The Liberal Order Can’t Heal Itself
Over Thanksgiving week the talk of the economically focused internet was a viral essay claiming, absurdly, that the real poverty line in America for a family of four is $140,000 a year.
If you were inclined to generosity, you would say that the essay resonated because it emphasized real problems, from the rising cost of child care and housing to the distorting effects of welfare benefit cliffs as people climb up from poverty. But its basic claim was still completely wrong, as are most apocalyptic accounts of the American economic situation. Beware of anyone, left or right, trying to persuade you that middle-class Americans have all plunged into poverty or that young Americans have no prospects anymore.

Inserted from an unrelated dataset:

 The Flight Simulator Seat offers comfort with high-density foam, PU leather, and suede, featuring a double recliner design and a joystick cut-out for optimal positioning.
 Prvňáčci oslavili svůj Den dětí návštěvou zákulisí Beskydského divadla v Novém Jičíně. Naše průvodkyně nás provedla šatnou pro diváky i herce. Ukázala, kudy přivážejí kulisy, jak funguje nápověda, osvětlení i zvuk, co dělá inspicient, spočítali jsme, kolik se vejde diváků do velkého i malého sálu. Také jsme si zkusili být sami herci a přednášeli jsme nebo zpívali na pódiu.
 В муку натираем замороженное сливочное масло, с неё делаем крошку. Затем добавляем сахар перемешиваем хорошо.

I doubt the author, an asset manager named Michael W. Green, considers himself a post-liberal, but his essay is relevant to the arguments over post-liberalism that I covered in my preholiday newsletter. In the great wrangle between defenders of the liberal order and their would-be successors, a key liberal claim is that populists and nationalists and socialists just misunderstand the economic landscape — catastrophizing about what globalization or neoliberalism has supposedly done to the common person when in fact the common person is doing pretty well.

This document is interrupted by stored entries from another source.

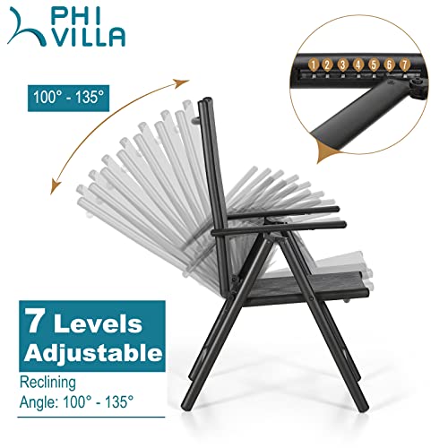 PHI VILLA 7 Piece Patio Furniture Outdoor Dining Set, Patio Dining Table and Chairs Set with Adjustable Folding Portable Padded Patio Chairs Aluminum & Rectangle Metal Dining Table for Garden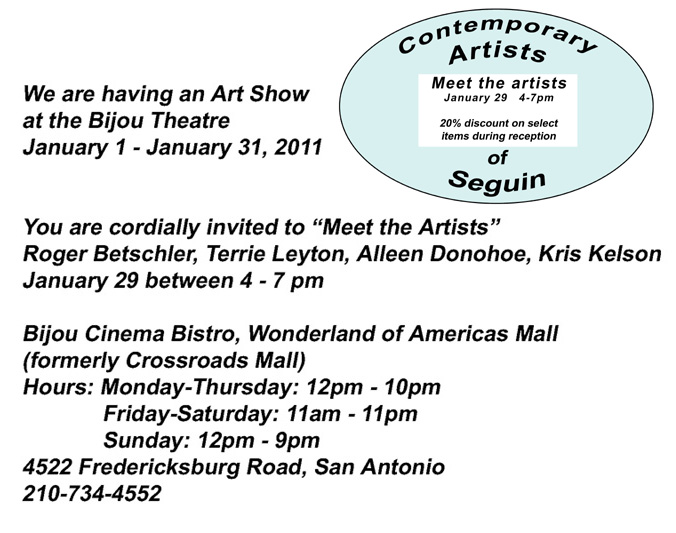Seguin Studio Tour; August 15, 2009; 15 Arrowhead Bluff, Seguin, TX; Art available for sale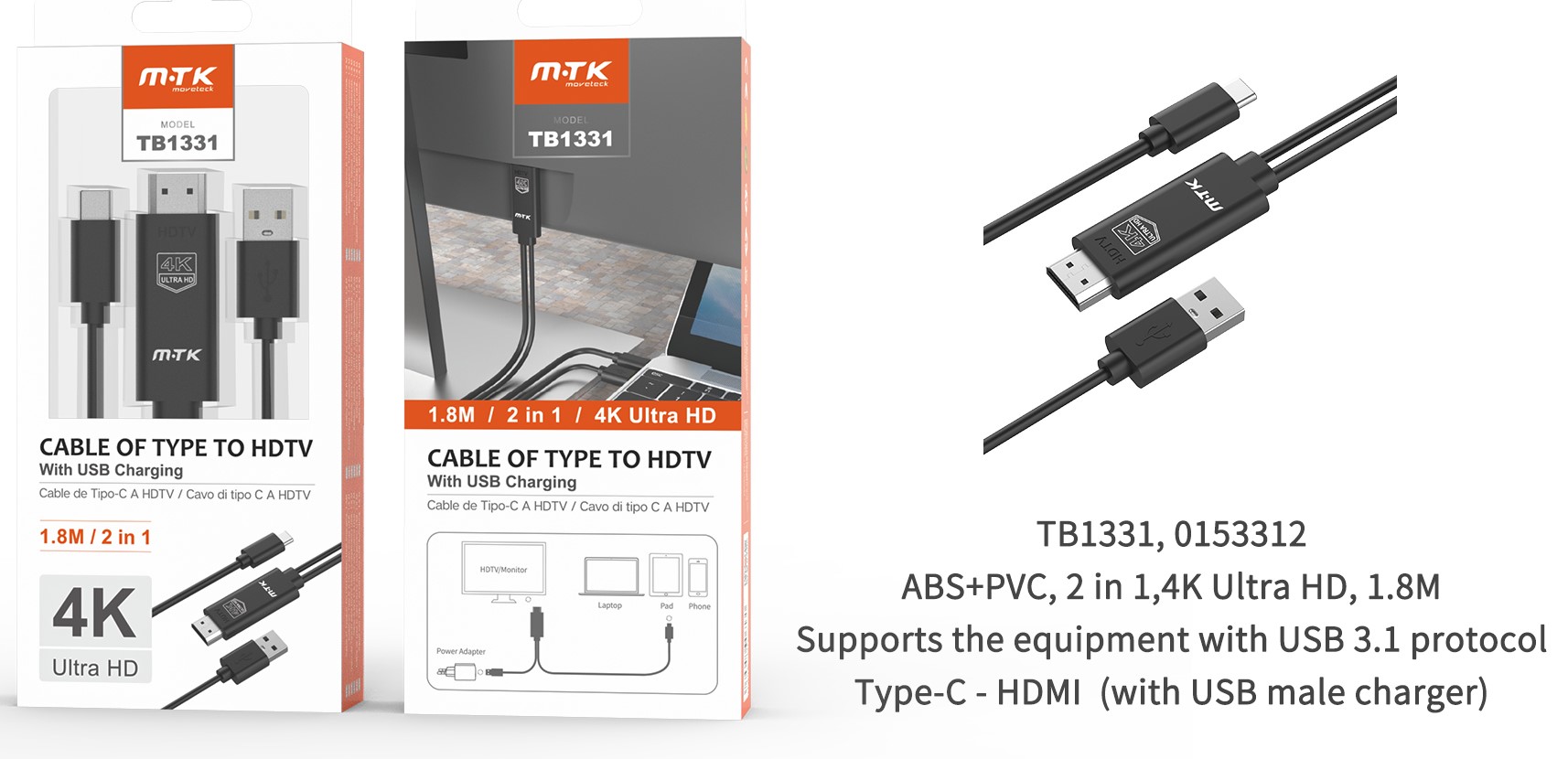 Cable adaptador Type-C a HDMI 4K + USB macho / TB1331 / 1.8m / Negro / Mtk

In this reading of our era, the entire populist revolt looks like an internet-abetted, misinformation-fueled own goal. Not because everything is economically perfect under liberal conditions — maybe growth is too slow, maybe inequality is a problem, maybe technological progress isn’t what was hoped. But overall, Americans got richer across the neoliberal era, the populist and socialist alternatives yield slower growth and more corruption and a lot of the specific economic problems cited by neoliberalism’s critics (housing costs, say) would actually be ameliorated by a stronger dose of deregulation and free markets, the old liberal prescription made new.

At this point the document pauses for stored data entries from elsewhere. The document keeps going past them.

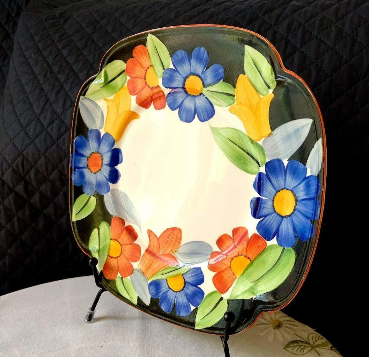 英国陶芸家(兼デザイナー)のスージークーパーの作品、グレイ社時代の美しいフローラル柄のプレートです。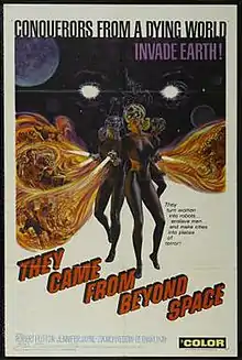 They Came from Beyond Space is a 1967 British Eastman Color science fiction film produced by Max J. Rosenberg and Milton Subotsky, and directed by Freddie Francis. The screenplay was written by Subotsky, based on the 1941 novel The Gods Hate Kansas by Joseph Millard. The film stars Robert Hutton, Jennifer Jayne, Zia Mohyeddin and Bernard Kay.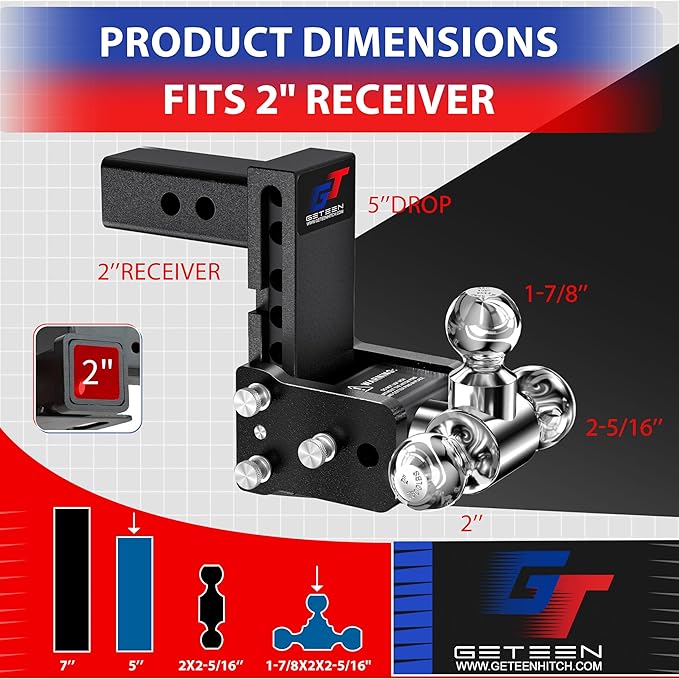 Geteen Trailer Hitches, Adjustable Trailer Hitch Ball Mount - Fits 2" Receiver, Tri-Ball (1-7/8" x 2" x 2-5/16"), 5" Drop, 10,000 GTW - GT20053B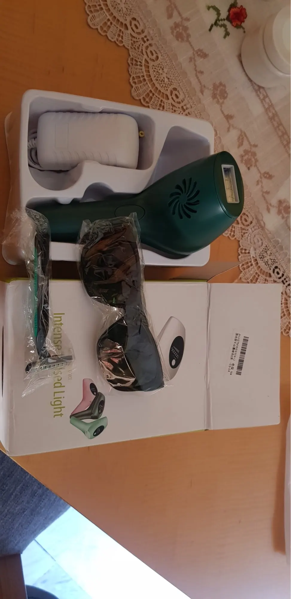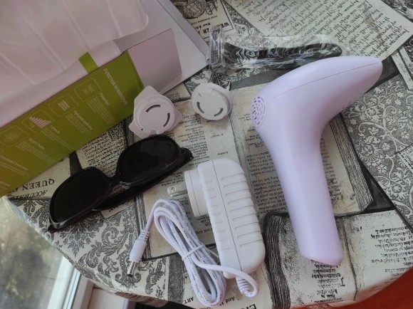после первого использования всё отлично. Горячо, волоски опаляются, в общем, похоже на то, что происходит в салоне. Использую на самой высокой мощности, у меня светлая кожа. Всего там восемь режимов, прилагается инструкция, для какой кожи и волос что подходит. Об эффекте говорить рано, но потом возможность отзыва закроется... попробую дополнить позже. Очки бесполезны - очень тёмные, в помещении в них плохо видно, проще закрыть глаза. Бритва тоже не знаю зачем. В комплекте три вида насадок для вилки, обычная европейская и ещё две странненьких. Кстати, сам прибор проводной, я почему-то была уверена, что в нём аккумулятор и шнур только для зарядки (он вынимается), подумала - сломан... потом дошло)) зелёный цвет красивый и соответствует фото. Пришёл быстро и в сборной посылке, так что, у кого низкие таможенные лимиты - аккуратно.

In which case the restoration of a liberal consensus is simply a matter of people abandoning bad ideas — perhaps after a dispiriting experience with tariffs? — and returning to good ones, and the struggle with populism is essentially a struggle to persuade people stuck at the end of a blind alley to turn around and head back to the sunlight.
I think this perspective is fatally incomplete — more on that in a moment — but it gets enough right to win some key debates with post-liberal thinkers. In particular, the liberal case wins on the following points:
1) Relative to the realistic counterfactuals, the big neoliberal reforms of the 1970s through the 1990s (deregulation, tax cuts, freer trade, modest limits on the growth of government, and so on) prevented a deeper stagnation in the developed world and made almost everybody at least somewhat richer.